One mutual fund manager says he's willing to invest in the deal. "I would love to own Chrysler. It's a chance to lend to a company on a senior, secured basis," says Payson Swaffield, managing director at mutual fund company Eaton Vance. "Seven or eight years ago, when the company had an investment-grade rating, it wasn't obligated to put up collateral for its loans, and I wouldn't have looked at it. Now, with a speculative rating, it must put up collateral, and it's a wonderful opportunity. I don't have to bet on a turnaround at Chrysler, either. All I am betting on is that I will get repaid and that I will get a good yield."

Even if the deal goes through, it may reflect some subtle changes in price or structure that will make it different from what the market would have accepted last spring.

"There is going to be an ongoing negotiation between equity and debt, and there may need to be adjustments to the structure and price of deals.
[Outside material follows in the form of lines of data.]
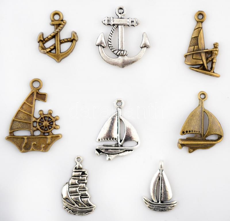 Beschreibung: Tengerész stílusú fém medálok, 8 db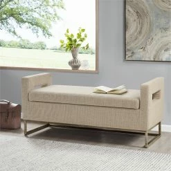 Outlet π Olliix Madison Park Crawford Solid Wood And Fabric Storage Bench In Tan/Bronze π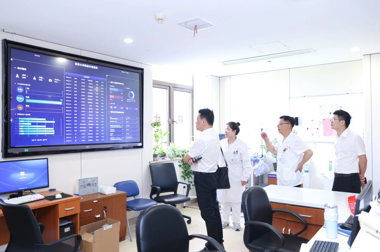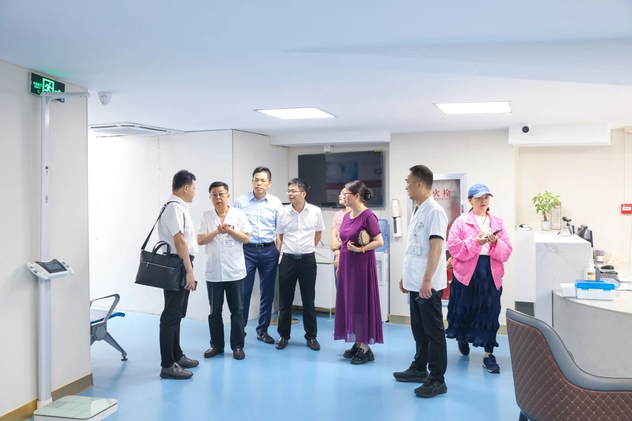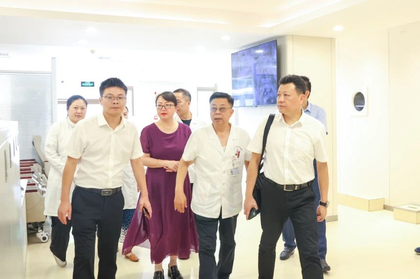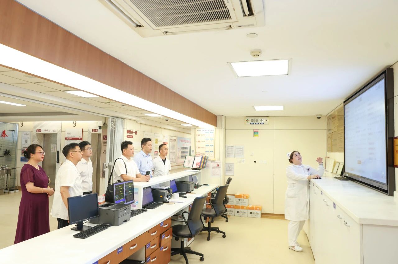 領(lǐng)導(dǎo)們一行先后到放療科、高壓氧艙、NICU、康復(fù)大廳及多個(gè)病區(qū)參觀考察。每到一處,蔡劍飛院長(zhǎng)都進(jìn)行詳細(xì)介紹,讓大家實(shí)地了解醫(yī)院的功能布局、設(shè)備設(shè)施、智慧醫(yī)院建設(shè)等情況。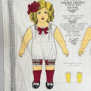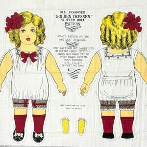 Cut and Sew Fabric Panel Doll Pattern Golden Tresses Stuffed Toy 18 Inch Vintage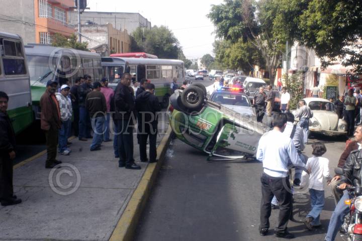 MEXICO, D.F., 16JULIO2010.- Integrantes del Sindicato Mexicano de Electricistas (SME), marcharon por varias calles y avenidas de la capital con dirección al Zócalo, causando destrozos en algunas de las unidades que encontraban a su paso de la Compañía Federal de Electricidad (CFE). En Avenida Doctor Rió de la Loza y Doctor Andrade, volcaron un auto Chevy que circulaba por la zona con logotipos de la CFE y calles mas adelante le rompieron los cristales a una camioneta tipo pick up que resguardaba una planta móvil de electricidad. FOTO: LUIS CARBAYO/CUARTOSCURO.COM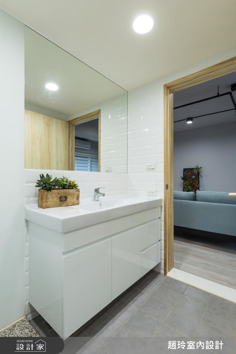 微型的衛浴空間裡,使用砌磚方式拉出廁所的定位點,壁面運用白色磚拼貼,搭配烤漆玻璃為設計,放大空間坪效感,且營造出復古的獨特氛圍。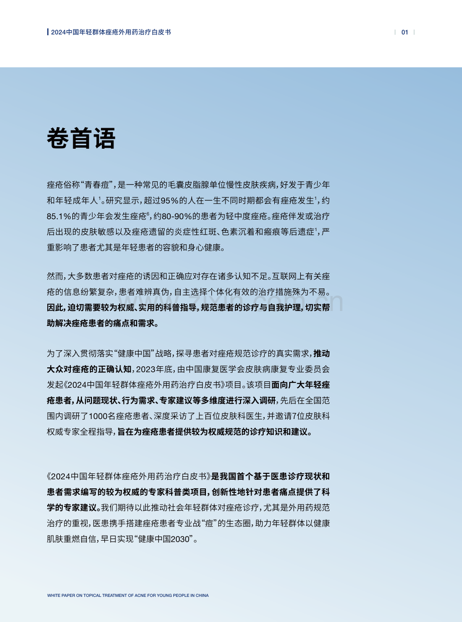 痤疮俗称“青春痘”,是一种常见的毛囊皮脂腺单位慢性皮肤疾病,好发于青少年和年轻成年人1。研究显示,超过95%的人在一生不同时期都会有痤疮发生1,约85.1%的青少年会发生痤疮6,约80-90%的患者为轻中度痤疮。痤疮伴发或治疗后出现的皮肤敏感以及痤疮遗留的炎症性红斑、色素沉着和瘢痕等后遗症1,严重影响了患者尤其是年轻患者的容貌和身心健康。然而,大多数患者对痤疮的诱因和正确应对存在诸多认知不足。互联网上有关痤疮的信息纷繁复杂,患者难辨真伪,自主选择个体化有效的治疗措施殊为不易。因此,迫切需要较为权威、实用的科普指导,规范患者的诊疗与自我护理,切实帮助解决痤疮患者的痛点和需求。为了深入贯彻落实“健康中国”战略,探寻患者对痤疮规范诊疗的真实需求,推动大众对痤疮的正确认知,2023年底,由中国康复医学会皮肤病康复专业委员会发起 2024中国年轻群体痤疮外用药治疗白皮书 项目。该项目面向广大年轻痤疮患者,从问题现状、行为需求、专家建议等多维度进行深入调研,先后在全国范围内调研了1000名痤疮患者、深度采访了上百位皮肤科医生,并邀请7位皮肤科权威专家全程指导,旨在为痤疮患者提供较为权威规范的诊疗知识和建议。2024中国年轻群体痤疮外用药治疗白皮书 是我国首个基于医患诊疗现状和患者需求编写的较为权威的专家科普类项目,创新性地针对患者痛点提供了科学的专家建议。我们期待以此推动社会年轻群体对痤疮诊疗,尤其是外用药规范治疗的重视,医患携手搭建痤疮患者专业战“痘”的生态圈,助力年轻群体以健康肌肤重燃自信,早日实现“健康中国2030”。卷首语2024中国年轻群体痤疮外用药治疗白皮书01WHITE PAPER ON TOPICAL TREATMENT OF ACNE FOR YOUNG PEOPLE IN CHINA牵头专家专家组成员王秀丽上海市皮肤病医院鞠强上海交通大学医学院 附属仁济医院徐子刚首都医科大学 附属北京儿童医院陶娟华中科技大学同济 医学院附属协和医院许阳江苏省人民医院潘展砚上海交通大学医学院 附属仁济医院张玲琳上海市皮肤病医院发起和指导单位中国康复医学会皮肤病康复专业委员会指导专家赫力昂(中国)有限公司支持单位上海麦色信息科技有限公司(优麦医生)益普索(中国)咨询有限公司执行单位2024中国年轻群体痤疮外用药治疗白皮书02WHITE PAPER ON TOPICAL TREATMENT OF ACNE FOR YOUNG PEOPLE IN CHINA洞察来源样本规模主要输出患者调查医生调查主要研究方法说明调查方法:在线定量问卷调查500个一般人群样本+500个过去1年有治疗痤疮经历的患者样本一般人群定义:18-29 岁本人,混合男女,混合学生&工作人群,及16-17岁青少年的母亲回收135个皮肤科临床医生样本调查医生条件:主任/副主任/主治医生,90%以上接受访问医生每周出2个或以上半天的门诊,平均每周接诊痤疮患者人数为39人调查时间:2023年12月2024年1月调查范围:覆盖20个一线和二线城市痤疮患病率痤疮患者治疗方案、治疗观念皮肤科临床医生对痤疮的治疗方案、治疗理念等洞察调查方法:在线定量问卷调查;并在定量调查前,举行医生定性深访,了解医生接诊痤疮患者的基本情况、治疗方案,和对常见治疗方案的看法等调查时间:2024年2月调查范围:覆盖全国12个省的三级或二级综合医院和儿童医院一般人群(N=500)过去 1 年有治疗痤疮经历(一般人群中自然落出另追加样本,N=500)过去 1 年患痤疮综合医院皮肤科医生(接诊成人+青少年痤疮患者)(N=126)儿童医院皮肤科医生(接诊青少年痤疮患者)(N=9)2024中国年轻群体痤疮外用药治疗白皮书03WHITE PAPER ON TOPICAL TREATMENT OF ACNE FOR YOUNG PEOPLE IN CHINA科学选择正确使用外用药治疗的常见问题和解决之道4直面痤疮年轻人群痤疮患病率和患者概览1痤疮外用药治疗进行时年轻人群痤疮对外用药的实际使用情况医生在治疗痤疮中对外用药和其他用药的治疗建议3规范治疗专业战“痘”痤疮外用药规范治疗的专业建议5痤疮患者现状面面观年轻人群痤疮认知现状,需求现状,信息渠道现状,行为现状2目录Table of contents05113124412024中国年轻群体痤疮外用药治疗白皮书WHITE PAPER ON TOPICAL TREATMENT OF ACNE FOR YOUNG PEOPLE IN CHINA中国年轻群体痤疮患病率高,且严重影响身心健康。九成患者为轻度或中度痤疮。专家建议轻中度患者应及早采取规范管理手段,缩短治疗周期,同时努力减少诱发因素,阻止症状反复和加重,防止产生永久性痤疮瘢痕。直面痤疮年轻人群痤疮患病率和患者概览12024中国年轻群体痤疮外用药治疗白皮书05WHITE PAPER ON TOPICAL TREATMENT OF ACNE FOR YOUNG PEOPLE IN CHINA患者问卷:请问,过去12个月(2023年1月2023年12月),【您/您孩子】是否存在以下皮肤问题?(复选)中国年轻群体中痤疮患病率高,尤其是青少年、女性群体。根据调查,在中国一二线城市16-29岁年轻群体中,过去1年的痤疮患病率约为36%。在16-29岁年轻群体中,女性痤疮患病率略高于男性。在中国一二线城市16-29岁普通人群中自述过去1年有粉刺/痘痘/痤疮36%基数:一般人群(N=500)男性患病率(N=250)16-17岁患病率(N=127)女性患病率(N=250)18-29岁患病率(N=373)32%46%40%35%2024中国年轻群体痤疮外用药治疗白皮书06WHITE PAPER ON TOPICAL TREATMENT OF ACNE FOR YOUNG PEOPLE IN CHINA痤疮对年轻群体造成广泛身心困扰:行为受限、影响社交、心理自卑。痤疮患者中,71%导致饮食忌口,56%产生自卑或不自信等心理影响,53%的患者影响社交。痤疮患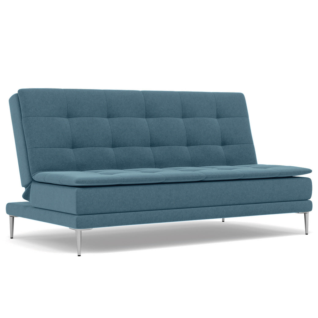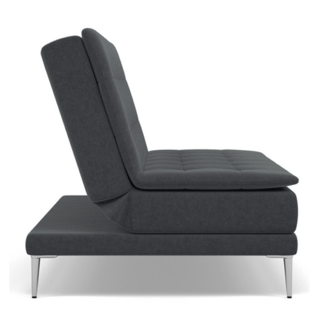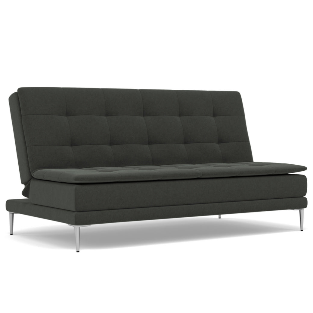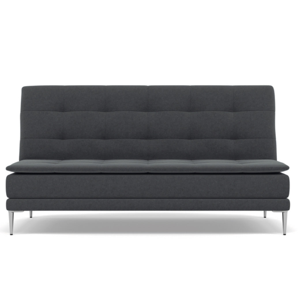 Sofá cama contemporáneo de 2 plazas, ideal para espacios multifuncionales como salas modernas, estudios o departamentos pequeños. Su diseño minimalista se realza con tapizado en tela de alta calidad —disponible en diversos colores— y detalles capitonados que añaden un toque sofisticado al ambiente. Gracias a su mecanismo reclinable tipo clic-clac, se transforma fácilmente en una cómoda cama auxiliar, perfecta para recibir visitas sin sacrificar estilo. Las patas metálicas con acabado cromado brindan estabilidad, durabilidad y un aire moderno y ligero. Detalles destacados: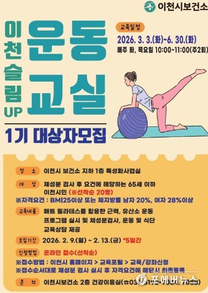 신청은 2월 9일부터 2월 13일까지 이천시 누리집(홈페이지) 교육포털 시스템을 통해 가능하며, 선착순 접수 순서대로 보건소 체성분 검사 실시 및 자격요건 충족 시 최종 등록된다.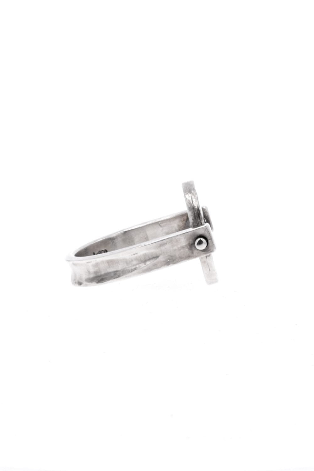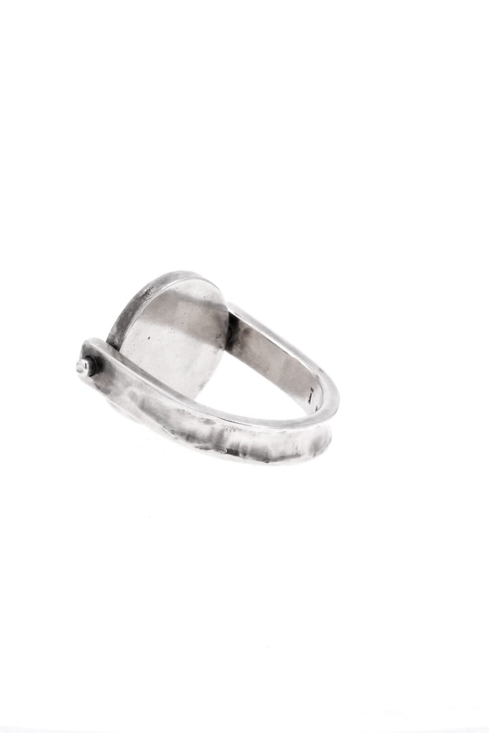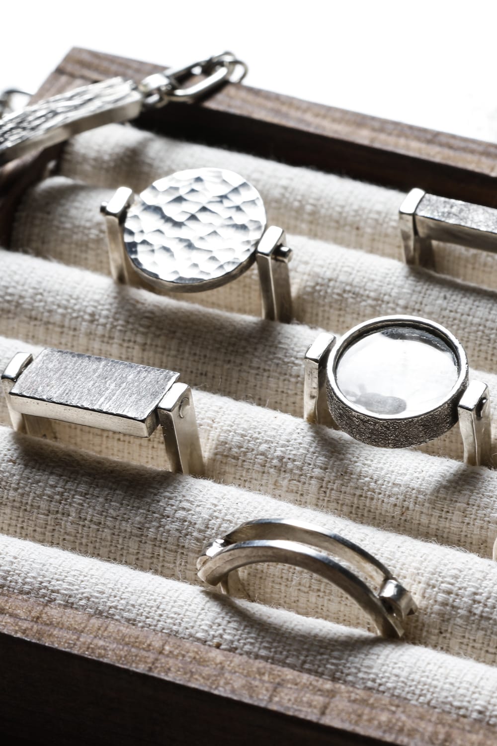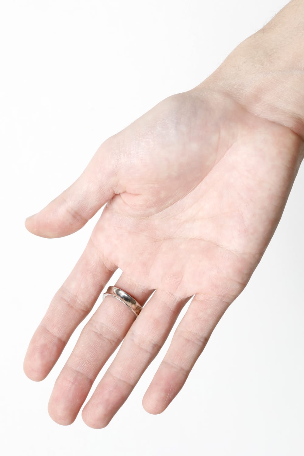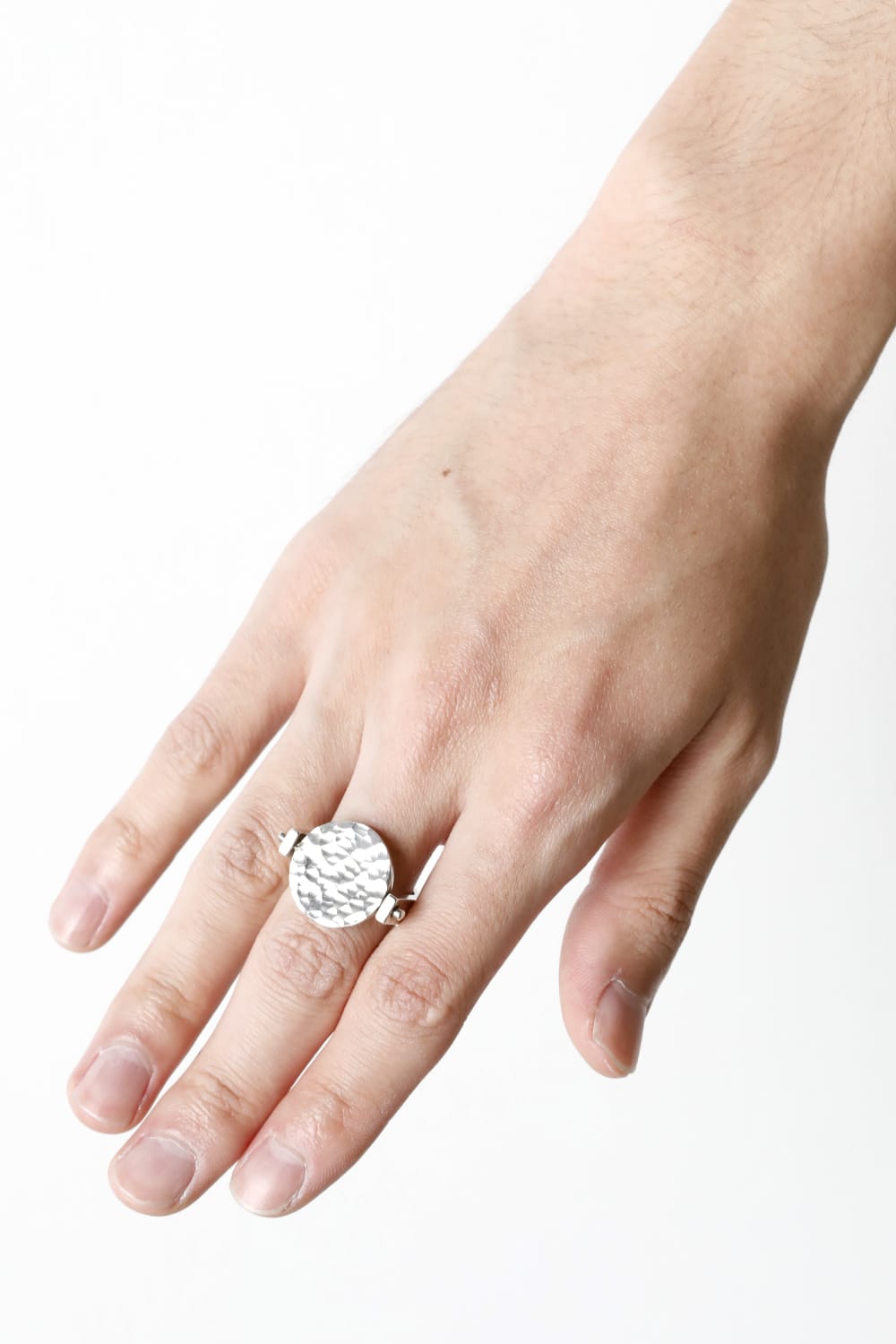 多様な変化の要素にフォーカスしたリングreversibleでテクスチャのある面とPlain の面・斜めの面と気分で変えて着用が可 能。 その日のスタイルや合わせて着用するジュエリーに合わせて変化を楽しめる作品です。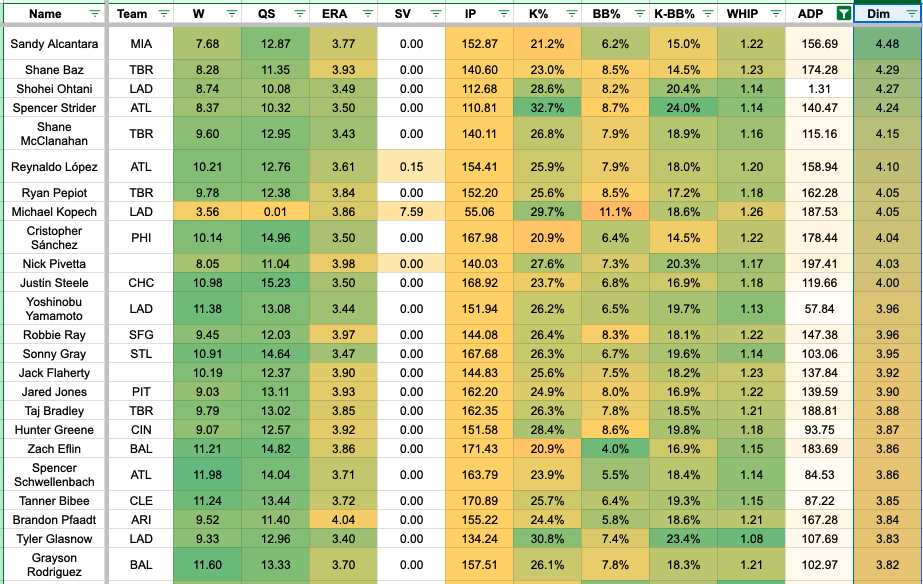 Meanwhile, the pitchers with the highest Dim have polarizing names. The list includes Sandy Alcantara, Baz, Shohei Ohtani, Strider, Shane McClanahan, and Reynaldo Lopez inside the top 200 picks. Besides Lopez, the rest of those pitchers have significant injury and workload concerns in 2025, though we can't deny the skills when healthy.

But private equity funds are very, very good at working flexibly within those constraints and finding common ground to get deals done," says Monte Brem, CEO of private equity consultant and asset manager StepStone Group. "The terms of deals may not be as attractive for the equity as they were a month and a half ago, but the equity funds and debt providers will likely find a middle ground that allows them to get deals done on terms they both find acceptable."

First Data Deal Is on Shakier Ground

First Data could be a bigger test, though. The buyout is supposed to be financed with $14 billion in loans, sold mostly to hedge funds and other institutional investors. The loan includes few covenants, which are rules that allow note holders to call their loan if the company fails to operate within certain boundaries. The First Data buyout also would be financed with $7.5 billion in junk bonds, including $2.5 billion in toggle notes, one market analyst said. The market also will be watching to see whether investors can absorb all of the debt from the $27.5 billion buyout of Alltel (AT) by Goldman Sachs (GS) and TPG.

Market conditions can change radically in just a few weeks. It's possible conditions will improve as some of the larger deals are syndicated. Then again, an inflation scare or hedge fund bust could make investors even more skittish—and then the private equity party really could be over.